DATASET CONTENT:

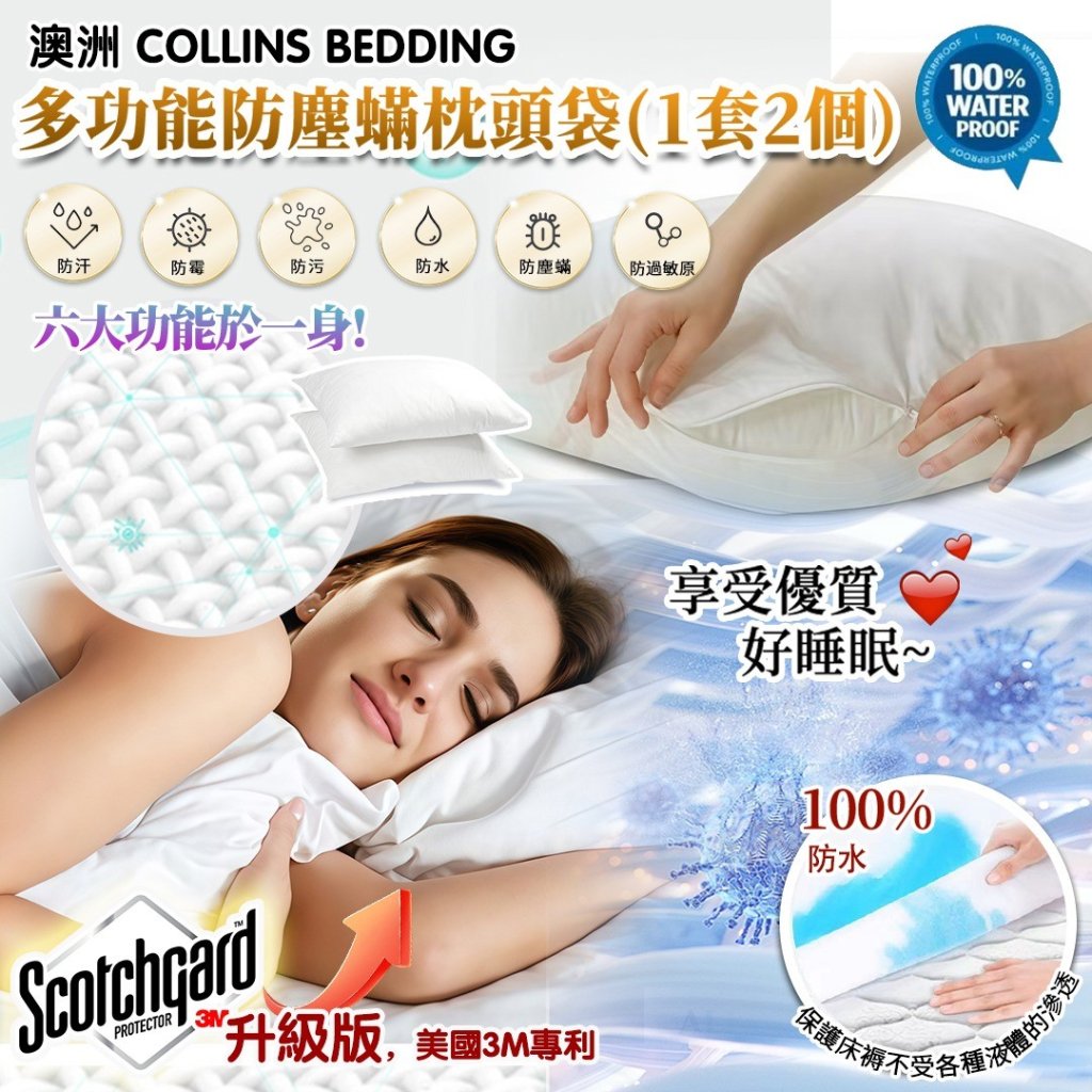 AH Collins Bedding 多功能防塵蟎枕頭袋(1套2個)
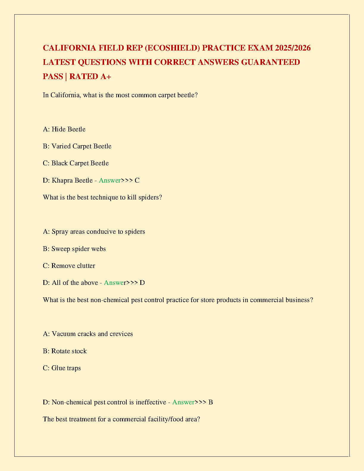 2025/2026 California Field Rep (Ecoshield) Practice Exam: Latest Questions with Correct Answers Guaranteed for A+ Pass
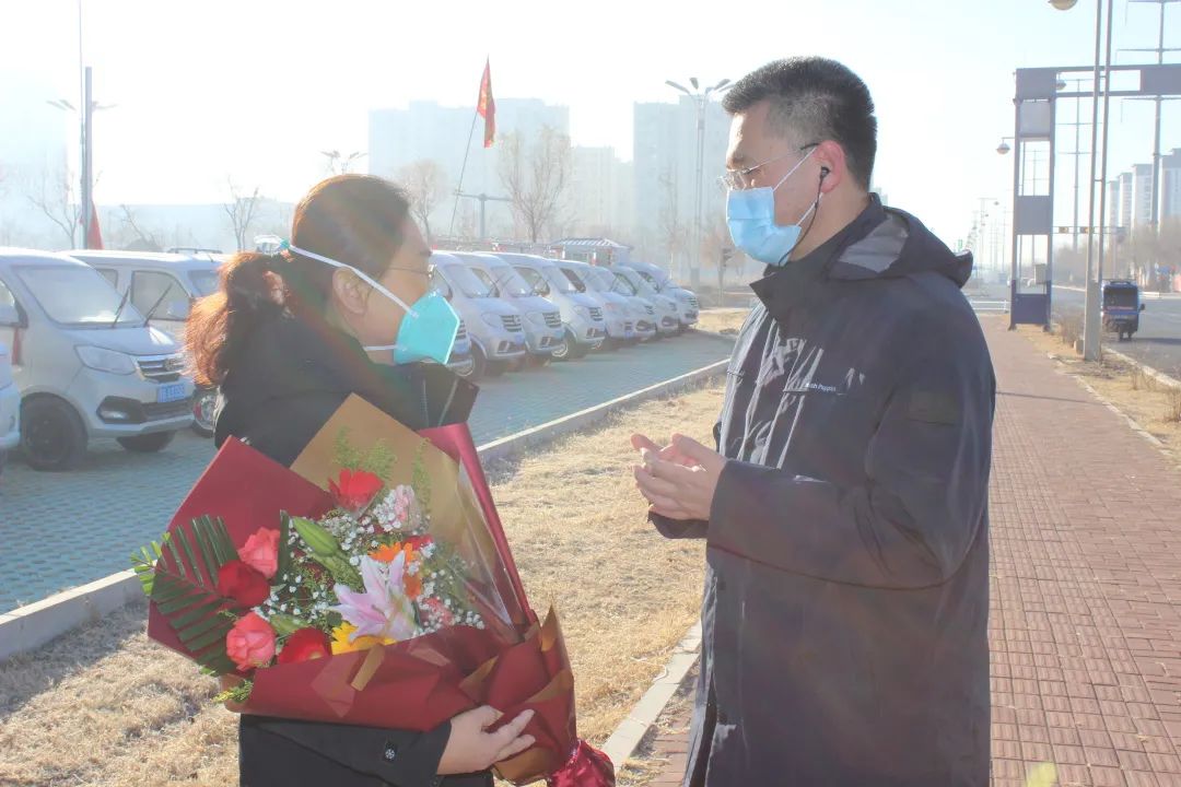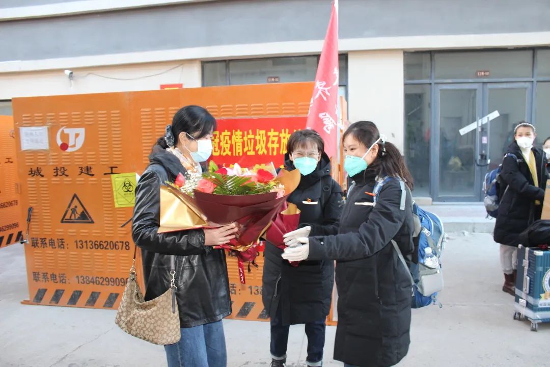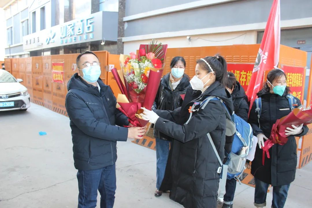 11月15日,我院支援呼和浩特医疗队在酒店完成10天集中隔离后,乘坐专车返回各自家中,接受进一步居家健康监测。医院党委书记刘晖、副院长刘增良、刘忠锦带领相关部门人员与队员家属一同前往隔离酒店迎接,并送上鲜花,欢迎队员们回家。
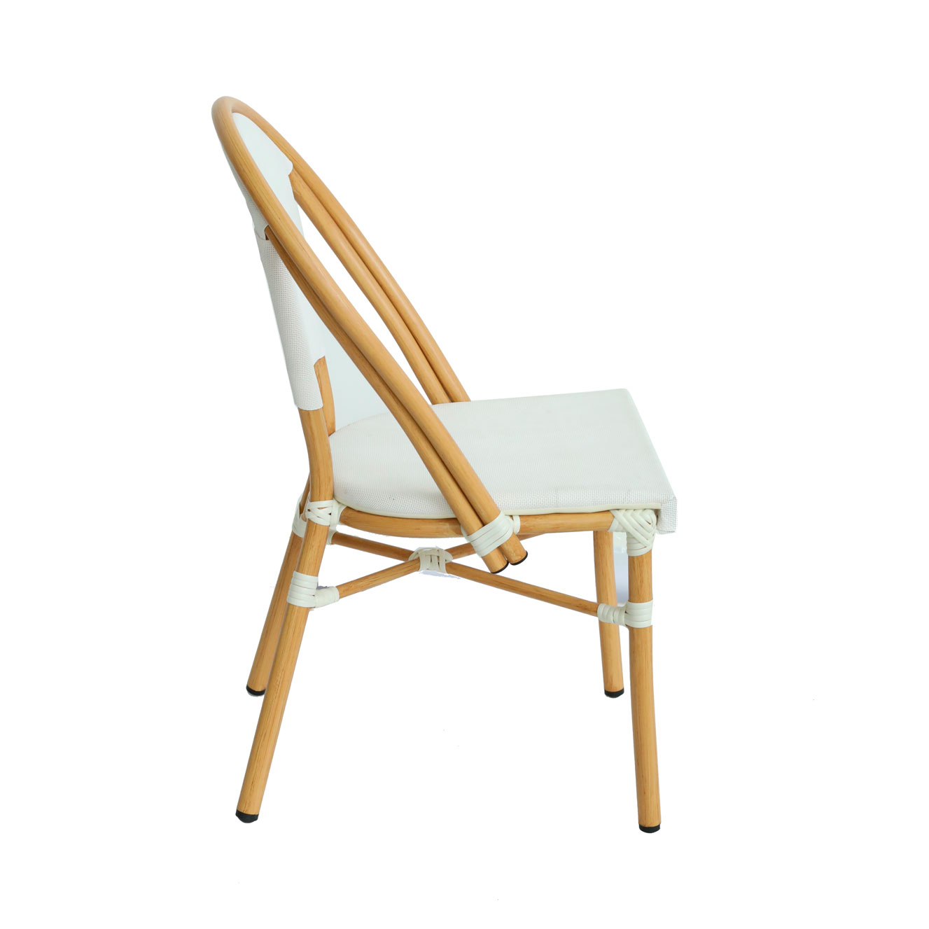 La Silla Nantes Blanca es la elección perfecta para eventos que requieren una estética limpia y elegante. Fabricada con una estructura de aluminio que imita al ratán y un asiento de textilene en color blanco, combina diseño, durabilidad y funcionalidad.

REQUIREMENT:
Going from the line holding "11月15日,我院支援呼和浩" to the last line of the data above, reproduce every line exactly, both included, with the pictures omitted.

ANSWER FOR THE TASK:
 11月15日,我院支援呼和浩特医疗队在酒店完成10天集中隔离后,乘坐专车返回各自家中,接受进一步居家健康监测。医院党委书记刘晖、副院长刘增良、刘忠锦带领相关部门人员与队员家属一同前往隔离酒店迎接,并送上鲜花,欢迎队员们回家。
 La Silla Nantes Blanca es la elección perfecta para eventos que requieren una estética limpia y elegante. Fabricada con una estructura de aluminio que imita al ratán y un asiento de textilene en color blanco, combina diseño, durabilidad y funcionalidad.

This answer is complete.